In such a magnetic levitation suspension sheet, a combination of an electromagnet and a permanent magnet is considered. By using the above together, the power consumption can be saved and the suspension seat can handle all kinds of shocks and vibrations by controlling the amount of power supplied to the electromagnet according to various shocks and vibrations of the automobile. You can enable it. The use of permanent magnets is indispensable also in such a suspension sheet that uses both electromagnets and permanent magnets.

Natural permanent magnetite (main component is Fe ₃ O ₄ ) has been used for permanent magnets, but it has long been artificially made. At present, permanent magnets can be broadly classified into quench-hardening type, precipitation hardening type, and sintering type that are usually manufactured from iron-based alloys.

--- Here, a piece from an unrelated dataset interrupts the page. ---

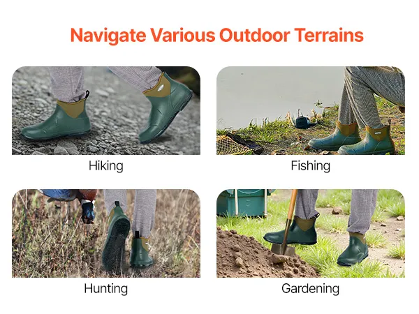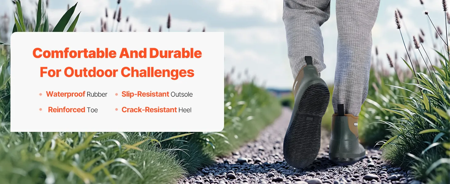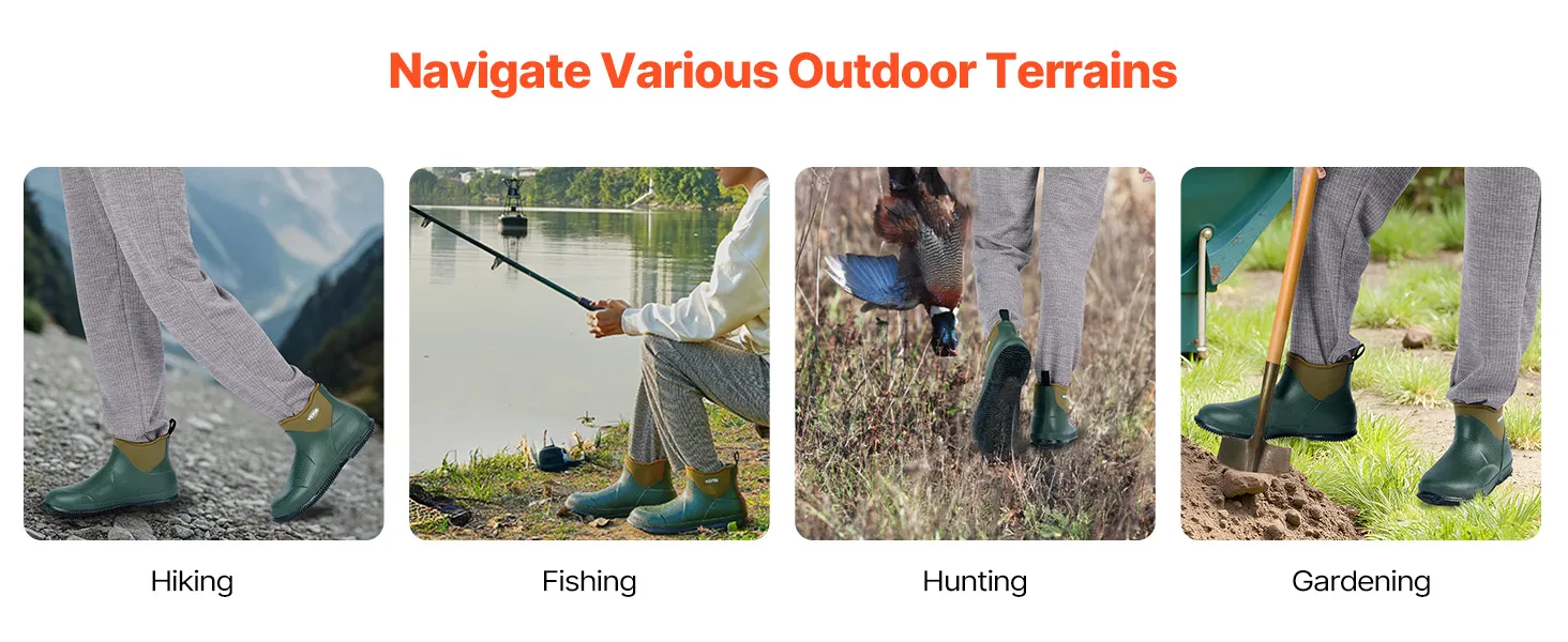 Crafted from durable rubber, these outdoor shoes feature a slip-resistant outsole design, reinforced toe, and crack-resistant heel, allowing you to conquer outdoor challenges effortlessly while enjoying a comfortable and long-lasting wearing experience.

Among the above, as the one produced by sintering, a mixture of iron, nickel, cobalt, aluminum, cobalt ferrite, iron oxide, barium carbonate, strontium carbonate or samarium cobalt is appropriately added. The resulting alloy is used as a material, and this alloy is crushed, added with an appropriate sintering agent, compressed at high temperature, and then sintered at high temperature to obtain a permanent magnet. Among them, the one using barium carbonate, strontium carbonate or samarium cobalt is commonly called a rare earth magnet, and since both the residual magnetic flux density and the coercive force show extremely large values, this rare earth magnet is now widely used as a permanent magnet. Has been done.

[0007]

[Problems to be solved by the device]

 Therefore, even for permanent magnets applied to suspension seats in which permanent magnets are placed in a narrow space and must support the total weight of the human body and seat members, the above-mentioned residual magnetic flux density and coercive force also show extremely large values for rare earth magnets. Is often used. However, since the rare earth magnet is manufactured by crushing a predetermined magnetic material once and then sintering it as described above, the mechanical strength is not so great, and therefore, the impact or the like is not generated. May be destroyed by and broken into many small pieces. When divided into small pieces, the same poles repel each other depending on the orientation, and the small pieces are scattered.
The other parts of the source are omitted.